References causal_softmax_head_major_exact(), qkv_index(), and score_index().

attention_forward_causal_head_major_gqa()

void attention_forward_causal_head_major_gqa	(	const float *	q,
		const float *	k,
		const float *	v,
		float *	scores,
		float *	output,
		int	num_heads,
		int	num_kv_heads,
		int	num_tokens,
		int	head_dim,
		int	aligned_head_dim,
		int	aligned_context_window
	)

GQA causal attention forward (score-matrix version)

Test:

test_attention.py::TestAttentionForward::test_gqa_forward

test_attention.py::TestAttentionForward::test_gqa_broadcast

test_attention_backward.py::TestAttentionBackwardGQA::test_gqa_backward

test_parity.py::test_attention_gqa_parity

Grouped-query attention: Q has num_heads, K/V have num_kv_heads. Each query head maps to a KV head via ratio.

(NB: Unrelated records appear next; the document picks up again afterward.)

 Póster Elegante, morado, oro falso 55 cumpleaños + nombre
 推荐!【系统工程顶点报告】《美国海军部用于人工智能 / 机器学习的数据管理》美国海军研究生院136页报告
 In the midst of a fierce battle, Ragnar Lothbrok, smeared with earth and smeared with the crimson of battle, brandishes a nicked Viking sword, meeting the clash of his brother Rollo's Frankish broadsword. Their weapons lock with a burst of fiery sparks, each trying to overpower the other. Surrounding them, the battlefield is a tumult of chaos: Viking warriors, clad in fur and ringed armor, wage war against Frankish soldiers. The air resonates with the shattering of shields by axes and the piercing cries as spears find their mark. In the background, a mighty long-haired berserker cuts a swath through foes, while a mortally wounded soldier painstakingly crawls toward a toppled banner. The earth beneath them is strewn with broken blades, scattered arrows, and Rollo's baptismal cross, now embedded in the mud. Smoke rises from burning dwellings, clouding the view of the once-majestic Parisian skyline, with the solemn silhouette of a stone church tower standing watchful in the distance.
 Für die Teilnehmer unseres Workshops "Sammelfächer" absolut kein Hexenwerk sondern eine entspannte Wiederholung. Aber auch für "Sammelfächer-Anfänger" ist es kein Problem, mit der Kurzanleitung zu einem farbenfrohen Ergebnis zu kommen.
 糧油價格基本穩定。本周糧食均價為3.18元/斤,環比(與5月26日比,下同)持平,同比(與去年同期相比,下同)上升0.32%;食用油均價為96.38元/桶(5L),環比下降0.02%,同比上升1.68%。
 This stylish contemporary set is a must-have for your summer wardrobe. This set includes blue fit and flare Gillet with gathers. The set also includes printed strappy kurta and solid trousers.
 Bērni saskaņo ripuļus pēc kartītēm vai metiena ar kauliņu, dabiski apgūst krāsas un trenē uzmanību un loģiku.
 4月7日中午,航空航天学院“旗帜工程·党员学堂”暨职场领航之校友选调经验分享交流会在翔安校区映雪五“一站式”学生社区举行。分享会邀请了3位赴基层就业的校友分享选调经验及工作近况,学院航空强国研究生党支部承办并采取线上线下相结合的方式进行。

After changes: make test && make llamacpp-parity-full

Definition at line 224 of file attention_kernels.c.

{
    const float scale = 1.0f / sqrtf((float)head_dim);
 
    for (int h = 0; h < num_heads; ++h) {
        int kv_head = (int)((long long)h * (long long)num_kv_heads / (long long)num_heads);
        for (int i = 0; i < num_tokens; ++i) {
            for (int j = 0; j <= i; ++j) {
                float dot = 0.0f;
                size_t base_q = qkv_index(h, i, 0, num_tokens, aligned_head_dim);
                size_t base_k = qkv_index(kv_head, j, 0, num_tokens, aligned_head_dim);
 
                for (int d = 0; d < head_dim; ++d) {
                    dot += q[base_q + d] * k[base_k + d];
                }
 
                scores[score_index(h, i, j, aligned_context_window)] = dot * scale;
            }
 
            for (int j = i + 1; j < num_tokens; ++j) {
                scores[score_index(h, i, j, aligned_context_window)] = 0.0f;
            }
        }
    }
 
    causal_softmax_head_major(scores,
                              num_heads,
                              num_tokens,
                              aligned_context_window);
 
    for (int h = 0; h < num_heads; ++h) {
        int kv_head = (int)((long long)h * (long long)num_kv_heads / (long long)num_heads);
        for (int i = 0; i < num_tokens; ++i) {
            size_t out_base = qkv_index(h, i, 0, num_tokens, aligned_head_dim);
            for (int d = 0; d < aligned_head_dim; ++d) {
                output[out_base + d] = 0.0f;
            }
 
            for (int j = 0; j <= i; ++j) {
                float w = scores[score_index(h, i, j, aligned_context_window)];
                size_t v_base = qkv_index(kv_head, j, 0, num_tokens, aligned_head_dim);
 
                for (int d = 0; d < head_dim; ++d) {
                    output[out_base + d] += w * v[v_base + d];
                }
            }
        }
    }
}

References causal_softmax_head_major(), qkv_index(), and score_index().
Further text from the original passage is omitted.